What is the research about?
This brief is the third in a four-part series that identifies and quantifies cost items at credit unions. The series does more than just identify the costs, however; it suggests measured approaches for minimizing costs by making informed decisions. The other briefs include treatment of item processing efficiency, balancing service with efficiency, and optimizing delivery channels. These reports provide specific cost metrics based on analysis from real credit unions and offer suggestions for how to align the costs you do incur with your organization’s strategy.
Credit unions should have a firm grasp on their costs, but detailed cost analysis is not always easy to do. This brief ’s primary purpose is to point the way for credit unions that would like to analyze their own offerings and to offer benchmark numbers to credit unions without the resources to do their own detailed cost analysis. Thus, the data given are directionally useful, even if the credit unions cited differ from yours in size.
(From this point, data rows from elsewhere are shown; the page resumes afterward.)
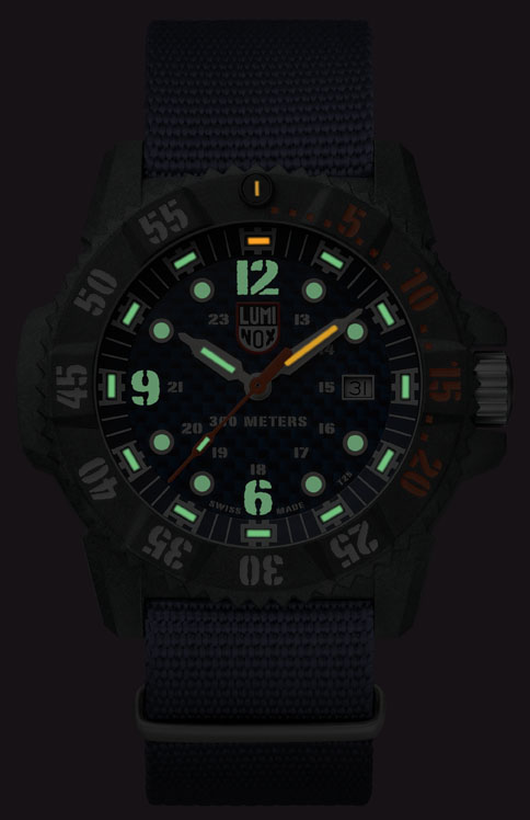 また、ルミノックス最大の特徴である25年間の自己発光「ルミノックス・ライト・テクノロジー」も搭載。アイスブルーとオレンジの淡い光が、夜間や暗所での高視認性をしっかり確保しています。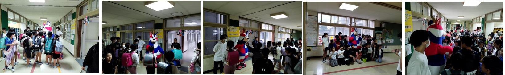 11月8日(金)琉球ゴールデンキングスのマスコット・ゴーディーが学校に来てくれました。朝はやくから登校する子どもたちへ挨拶、ハイタッチをしてくれました。ゴーディーの周りには子どもたちがいっぱい!朝の雨降りの天気を吹き飛ばすくらいの笑顔や笑いが校舎に満ちていました。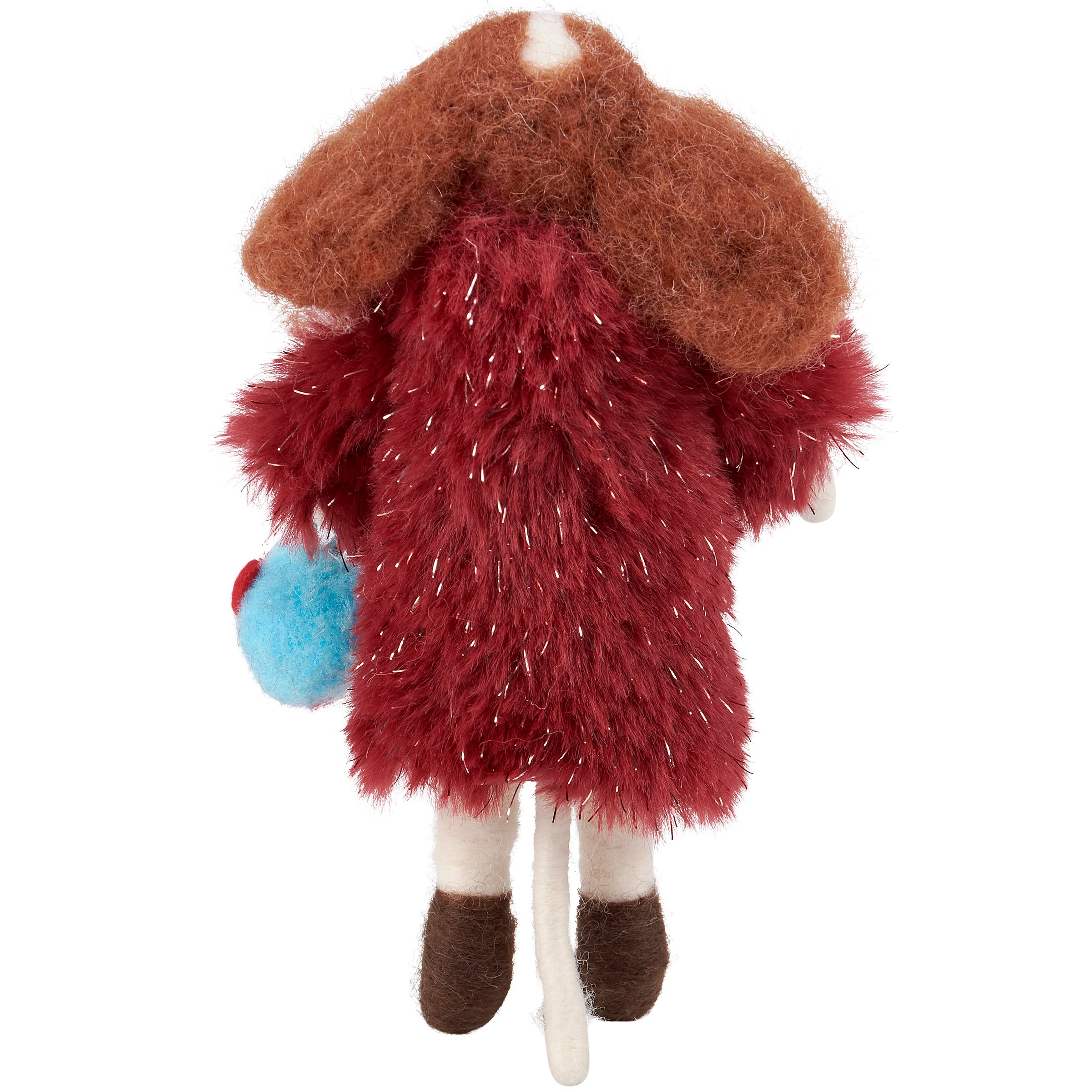 A felt critter from our Pet Collection displaying a happy dog wearing a stylish outfit perfect for adding character to any space. Dog critter features cute handmade details including tinsel accents in the coat and felt heart on the purse. Our Fur Coat Dog critter is designed to free-stand on flat surface for display. Contains small parts; this is not a toy. A fun pet-themed home accent that displays well alone or as a collection with other critters.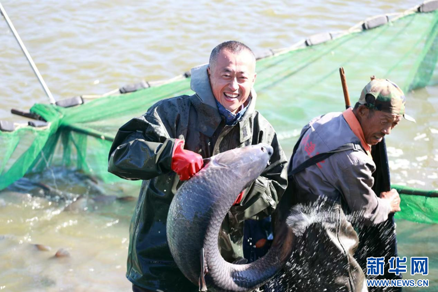 養殖戶在漁場里捕撈淡水魚。新華網發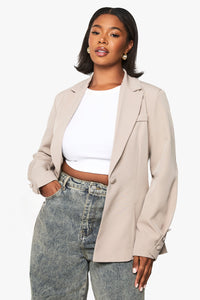 Make a statement with this chic plus-size blazer, perfect for the fashion-forward woman who loves to stay on-trend. The single-button fastening creates a flattering shape, while the notched lapels add a touch of sophistication. Style this versatile piece for a night out by pairing it with a crop top and high-waisted jeans for an effortlessly cool look. For a more casual daytime ensemble, throw it over a simple tee and wide-leg trousers. The structured shoulders and button cuff details elevate this blazer, making it a go-to item for both work and play. Whether you're heading to drinks with friends or attending a semi-formal event, this blazer will help you radiate confidence and style.Discover Plus Woven Tailored Self Fabric Button Detail Blazer available to buy online at us.boohoo.com. Available with quick delivery and easy return options. Shop now!Discover Plus Woven Tailored Self Fabric Button Detail Blazer available to buy online at us.boohoo.com. Available with quick delivery and easy return options. Shop now!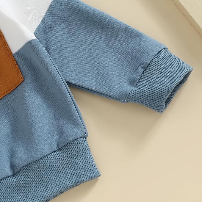 - Design: Toddler boys casual 2pcs outfit sets, color block long sleeve crew neck pocket pullover sweatshirt jumper tops, drawstring casual long pants joggers, toddler baby boy sweatsuit, cute toddler boy fall clothes.

What are the credit union implications?
When branch transactions are fully burdened, the cost discrepancy between branch and remote delivery becomes apparent, and the magnitude is impressive. Joseph Prunty’s analysis of one $1 billion credit union shows that all common transactions are significantly more burdensome through a branch. Opening a savings account at a branch costs three times as much as opening a savings account at a call center, a consumer secured loan at a branch costs two times as much as a loan at a call center, a checking deposit at a branch costs four times as much as a deposit at an ATM, a credit card payment at a branch costs two times as much as a payment at a call center, and a checking withdrawal at a branch costs seven times as much as a withdrawal from an ATM.
This report should be read as a critique of the urge to drive transactions to the branch when they can be better conducted elsewhere. Moving the members with a low profitability profile toward channels that will improve their profitability profile will better serve all members, who expect the credit union to grow and thrive.